(EXERCISE GOAL) Find the line containing "New York Walker" in the records below. Copy exactly that line and each one after it, ending at the line containing "7.2.10 Houghton Deep", and nothing more.

BEGIN GIVEN ENTRIES

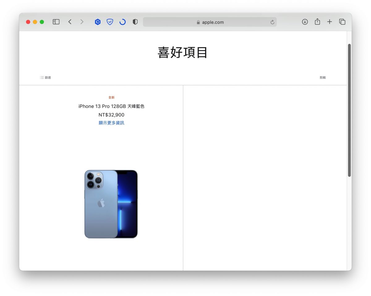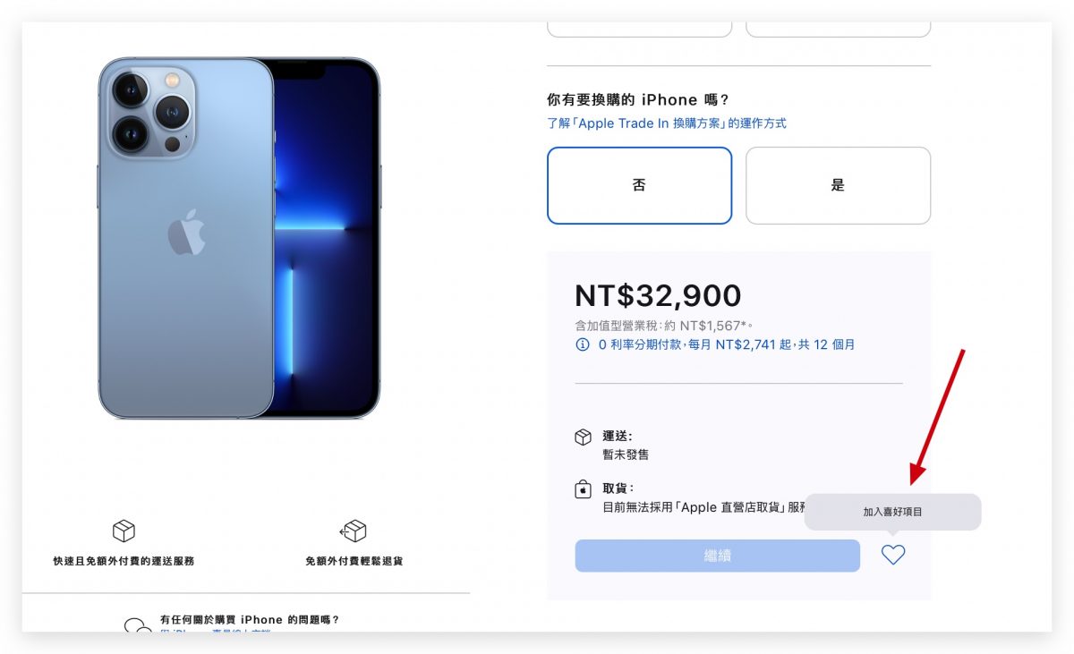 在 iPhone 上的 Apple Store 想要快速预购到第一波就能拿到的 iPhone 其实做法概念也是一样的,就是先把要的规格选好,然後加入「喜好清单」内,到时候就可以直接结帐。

END GIVEN ENTRIES
BEGIN GIVEN ENTRIES

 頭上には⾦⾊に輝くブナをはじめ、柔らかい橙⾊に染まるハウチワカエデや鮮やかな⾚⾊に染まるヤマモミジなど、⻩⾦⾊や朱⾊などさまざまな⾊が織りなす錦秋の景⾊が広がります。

END GIVEN ENTRIES
BEGIN GIVEN ENTRIES

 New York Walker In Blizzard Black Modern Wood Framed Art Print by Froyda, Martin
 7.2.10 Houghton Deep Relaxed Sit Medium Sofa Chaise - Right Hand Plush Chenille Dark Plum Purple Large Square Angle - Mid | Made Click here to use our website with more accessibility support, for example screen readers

END GIVEN ENTRIES

(SOLUTION TO THIS TASK)
 New York Walker In Blizzard Black Modern Wood Framed Art Print by Froyda, Martin
 7.2.10 Houghton Deep Relaxed Sit Medium Sofa Chaise - Right Hand Plush Chenille Dark Plum Purple Large Square Angle - Mid | Made Click here to use our website with more accessibility support, for example screen readers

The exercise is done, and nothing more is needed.